INPUT DATA:
------------------------

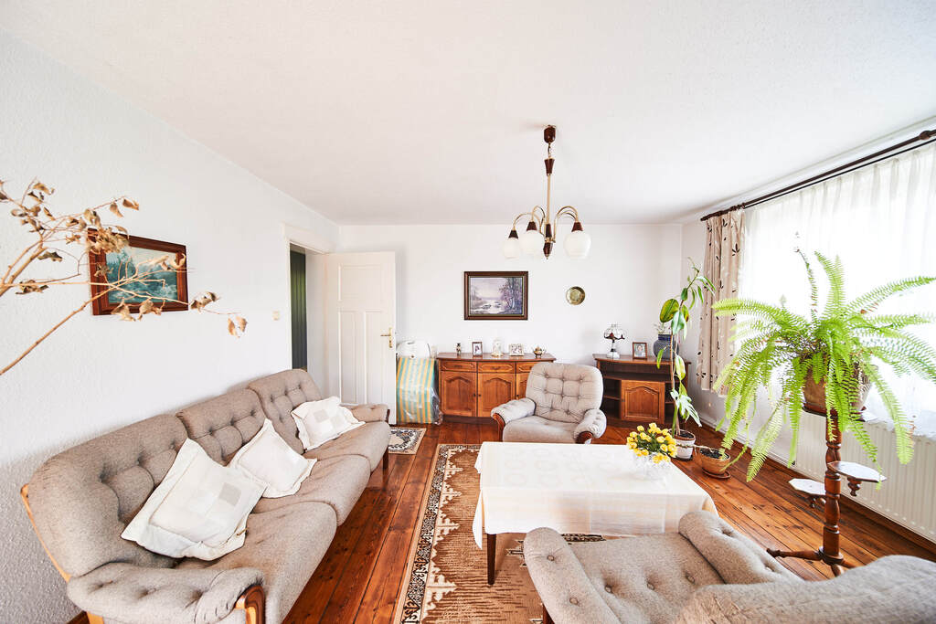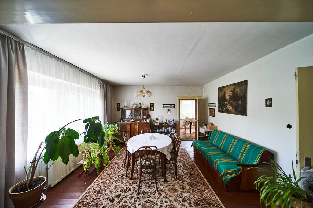 Parter domu stanowi salon ze starymi, przesuwnymi drzwiami, 3 pokoje, kuchnia ze spiżarką, łazienka z oknem i przedpokój.
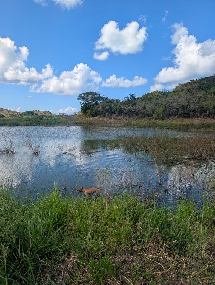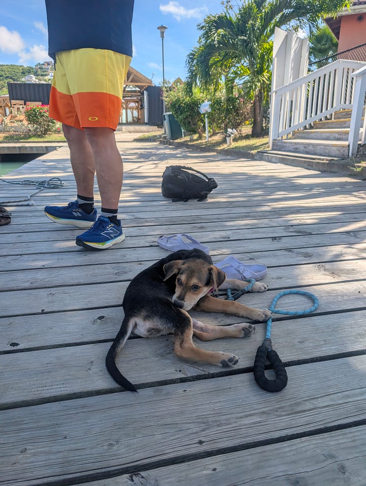 I got to get back to my walks with Luffy and Runty! Luffy is even now starting to splash around in the pond. The owners of the scuba school got a new puppy. Her name is Shadow. I hope she and Luffy get to play together one day. I got to sail for a day on Monday, and have been diving as well. Hopefully, I will have Divemaster and Yachmaster complete by the end of the spring!
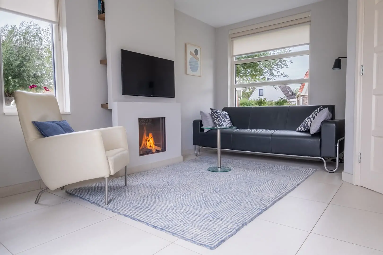 De woning is comfortabel ingericht met een zithoek met sfeerhaard, een volledig
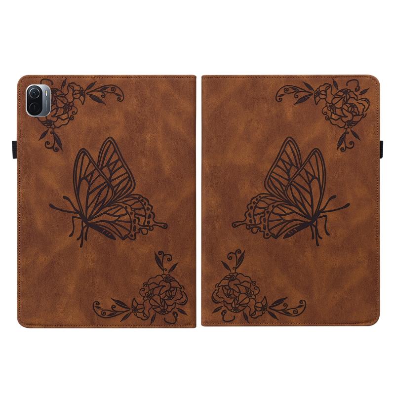 For Xiaomi Pad 5 / 5 Pro Butterfly Flower Embossed Leather Tablet Case(Brown)

------------------------

Give again, word for word, only the lines that run from the top of the data above through the line with "I got to get". Drop the pictures.

 Parter domu stanowi salon ze starymi, przesuwnymi drzwiami, 3 pokoje, kuchnia ze spiżarką, łazienka z oknem i przedpokój.
 I got to get back to my walks with Luffy and Runty! Luffy is even now starting to splash around in the pond. The owners of the scuba school got a new puppy. Her name is Shadow. I hope she and Luffy get to play together one day. I got to sail for a day on Monday, and have been diving as well. Hopefully, I will have Divemaster and Yachmaster complete by the end of the spring!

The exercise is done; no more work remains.